Today The Banksters Are Celebrating 100 Years Of Theft

0 Shares
450737333
title

Personal Liberty Poll

Exercise your right to vote.

Today is the Federal Reserve’s 100th birthday. It’s likely to slip by with little fanfare, though it should be a day that lives in infamy. It’s more destructive than Pearl Harbor. In fact, it made Pearl Harbor — and all wars in the last 100 years — possible.

One hundred years ago today, Congress passed the Federal Reserve Act. The act itself was conceived three years earlier during a secret meeting of moneyed elites and their U.S. Senator/proxy on Jekyll Island, Ga.

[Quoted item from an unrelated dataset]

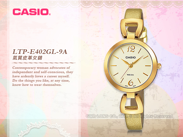 LTP-E402GL-9A CASIO 指針錶 皮革錶帶 防水50米 礦物玻璃
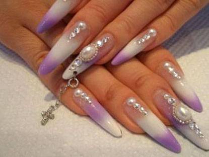 Более нежный и утончённый дизайн требует соответствующих скромных и нежных украшений. А для насыщенного дизайна с изобилием декора можно подобрать броские большие подвески с цепочками. Свадебный маникюр лучше украсить нежным элегантным украшением под стиль всего образа невесты. Если на маникюре не много декора из стразов, бисера бусин и фольги, то скромное украшение в виде гвоздика или подвески с камнем будет как нельзя кстати. Ноготки невесты с обильным декором нужно украсить более броским и сложным украшением. Подойдут подвески с цепочками, камнями и бусинами. Выбирая нейл-арт и пирсинг для ногтей к свадебному маникюру, не забывайте учитывать стиль невесты и весь её образ. Модный дизайн ногтей эйдж также хорошо комбинируется с пирсингом. Дизайн «Эйдж» – это особый вид маникюра, при котором наращенным ногтям помимо заострённого в форме буквы «V» кончика придаётся двухгранная форма с изломом по центральной оси ногтя. В этом случае пирсинг крепится на одну из граней ногтевой пластины.

The conspirators were Senator Nelson Aldrich, the father-in-law of John D. Rockefeller Jr. (the Standard Oil group); Paul Warburg, a German banker representing the German banking conglomerate MM Warburg of Hamburg, Germany and Kuhn, Loeb & Co. in the U.S.; Henry P. Davison, a partner at JP Morgan and chairman of Bankers Trust Company; Benjamin Strong, vice president of Bankers Trust; Frank Vanderlip, chairman of National City Bank; and Charles D. Norton, president of First National Bank. Bankers Trust, National City Bank and First National Bank were all part of the Morgan group of banks. Vanderlip was also a Rockefeller agent (related by marriage) and was a director of Rockefeller’s railroad and lumber concerns.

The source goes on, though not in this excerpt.